━━━ Supplied entries ━━━

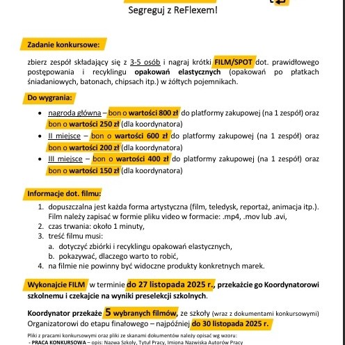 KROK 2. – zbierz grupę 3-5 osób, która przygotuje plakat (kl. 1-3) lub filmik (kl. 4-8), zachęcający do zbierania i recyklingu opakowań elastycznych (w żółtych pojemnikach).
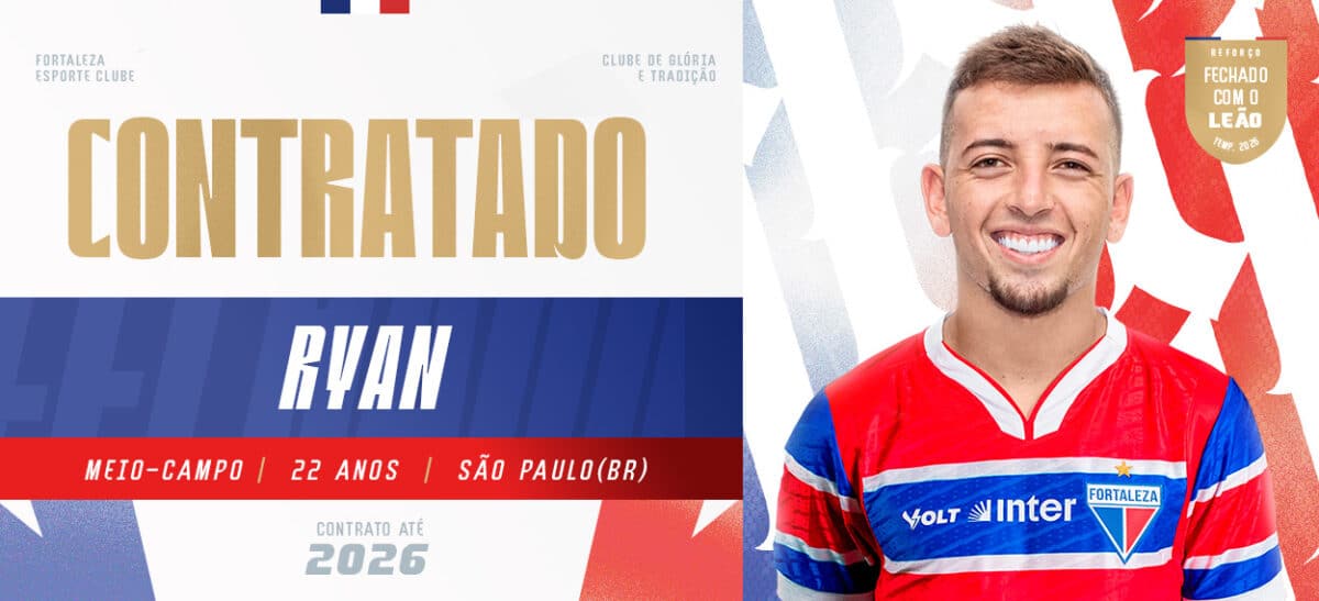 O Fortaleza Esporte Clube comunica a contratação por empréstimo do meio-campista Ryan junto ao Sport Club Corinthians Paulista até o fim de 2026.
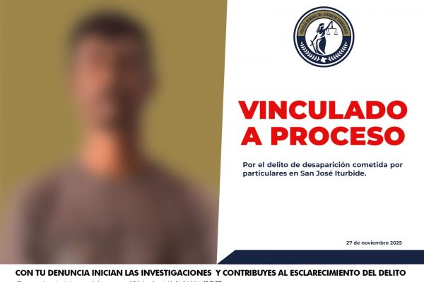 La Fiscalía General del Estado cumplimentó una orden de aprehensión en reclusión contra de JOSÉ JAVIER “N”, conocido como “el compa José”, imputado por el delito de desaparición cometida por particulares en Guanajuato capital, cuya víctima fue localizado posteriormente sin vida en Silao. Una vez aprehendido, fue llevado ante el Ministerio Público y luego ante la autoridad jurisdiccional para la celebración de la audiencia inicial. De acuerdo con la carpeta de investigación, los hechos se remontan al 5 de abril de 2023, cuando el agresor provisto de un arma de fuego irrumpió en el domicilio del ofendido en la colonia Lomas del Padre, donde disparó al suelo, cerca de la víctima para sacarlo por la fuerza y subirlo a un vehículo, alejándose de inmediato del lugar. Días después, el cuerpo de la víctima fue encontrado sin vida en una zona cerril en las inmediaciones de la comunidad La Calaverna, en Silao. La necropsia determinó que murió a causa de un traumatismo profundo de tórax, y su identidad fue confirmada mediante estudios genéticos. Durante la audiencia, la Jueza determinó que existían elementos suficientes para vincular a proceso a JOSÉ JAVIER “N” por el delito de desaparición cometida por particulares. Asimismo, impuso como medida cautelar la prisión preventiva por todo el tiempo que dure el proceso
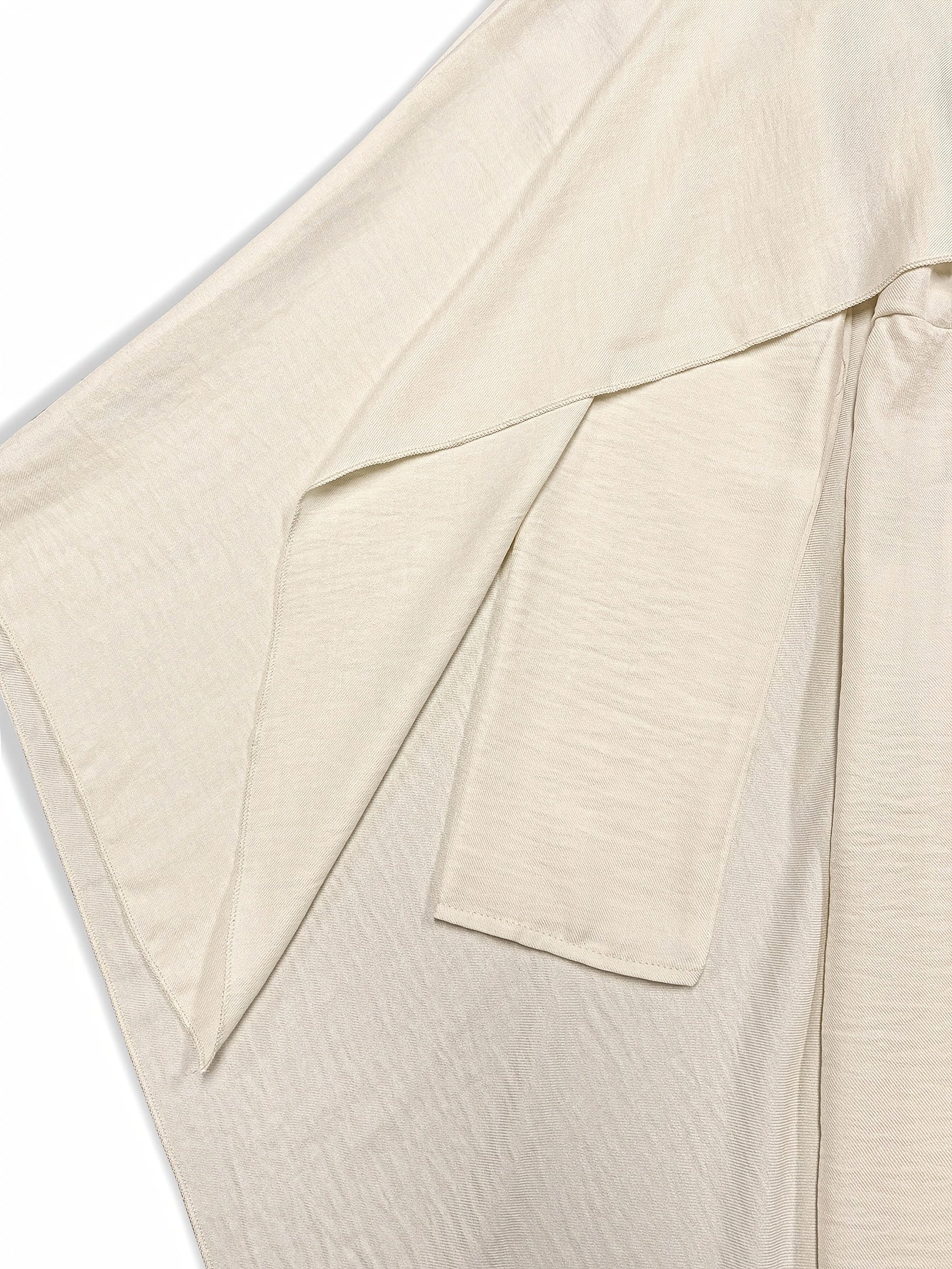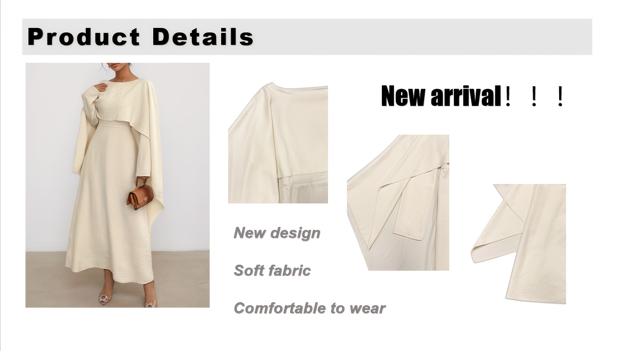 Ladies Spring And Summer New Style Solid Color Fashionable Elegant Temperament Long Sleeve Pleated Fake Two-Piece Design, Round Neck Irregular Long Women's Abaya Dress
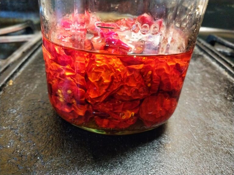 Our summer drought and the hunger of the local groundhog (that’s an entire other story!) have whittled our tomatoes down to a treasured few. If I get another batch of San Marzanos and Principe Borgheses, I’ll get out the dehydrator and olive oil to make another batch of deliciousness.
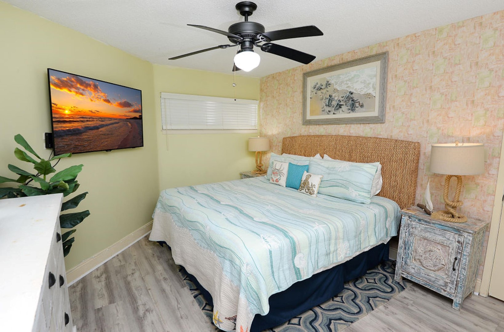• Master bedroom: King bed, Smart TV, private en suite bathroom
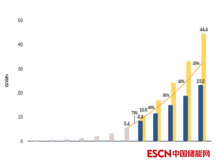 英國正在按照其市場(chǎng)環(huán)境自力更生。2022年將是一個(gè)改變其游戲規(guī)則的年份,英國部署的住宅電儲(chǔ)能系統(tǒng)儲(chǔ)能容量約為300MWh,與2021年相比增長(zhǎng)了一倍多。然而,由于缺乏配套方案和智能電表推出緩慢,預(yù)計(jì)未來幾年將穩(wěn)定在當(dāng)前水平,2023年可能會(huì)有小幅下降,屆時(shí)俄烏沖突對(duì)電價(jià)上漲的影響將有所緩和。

━━━

Give the entries above again in full and exactly, but not the pictures.

## [Exercise answer]
 KROK 2. – zbierz grupę 3-5 osób, która przygotuje plakat (kl. 1-3) lub filmik (kl. 4-8), zachęcający do zbierania i recyklingu opakowań elastycznych (w żółtych pojemnikach).
 O Fortaleza Esporte Clube comunica a contratação por empréstimo do meio-campista Ryan junto ao Sport Club Corinthians Paulista até o fim de 2026.
 La Fiscalía General del Estado cumplimentó una orden de aprehensión en reclusión contra de JOSÉ JAVIER “N”, conocido como “el compa José”, imputado por el delito de desaparición cometida por particulares en Guanajuato capital, cuya víctima fue localizado posteriormente sin vida en Silao. Una vez aprehendido, fue llevado ante el Ministerio Público y luego ante la autoridad jurisdiccional para la celebración de la audiencia inicial. De acuerdo con la carpeta de investigación, los hechos se remontan al 5 de abril de 2023, cuando el agresor provisto de un arma de fuego irrumpió en el domicilio del ofendido en la colonia Lomas del Padre, donde disparó al suelo, cerca de la víctima para sacarlo por la fuerza y subirlo a un vehículo, alejándose de inmediato del lugar. Días después, el cuerpo de la víctima fue encontrado sin vida en una zona cerril en las inmediaciones de la comunidad La Calaverna, en Silao. La necropsia determinó que murió a causa de un traumatismo profundo de tórax, y su identidad fue confirmada mediante estudios genéticos. Durante la audiencia, la Jueza determinó que existían elementos suficientes para vincular a proceso a JOSÉ JAVIER “N” por el delito de desaparición cometida por particulares. Asimismo, impuso como medida cautelar la prisión preventiva por todo el tiempo que dure el proceso
 Ladies Spring And Summer New Style Solid Color Fashionable Elegant Temperament Long Sleeve Pleated Fake Two-Piece Design, Round Neck Irregular Long Women's Abaya Dress
 Our summer drought and the hunger of the local groundhog (that’s an entire other story!) have whittled our tomatoes down to a treasured few. If I get another batch of San Marzanos and Principe Borgheses, I’ll get out the dehydrator and olive oil to make another batch of deliciousness.
• Master bedroom: King bed, Smart TV, private en suite bathroom
 英國正在按照其市場(chǎng)環(huán)境自力更生。2022年將是一個(gè)改變其游戲規(guī)則的年份,英國部署的住宅電儲(chǔ)能系統(tǒng)儲(chǔ)能容量約為300MWh,與2021年相比增長(zhǎng)了一倍多。然而,由于缺乏配套方案和智能電表推出緩慢,預(yù)計(jì)未來幾年將穩(wěn)定在當(dāng)前水平,2023年可能會(huì)有小幅下降,屆時(shí)俄烏沖突對(duì)電價(jià)上漲的影響將有所緩和。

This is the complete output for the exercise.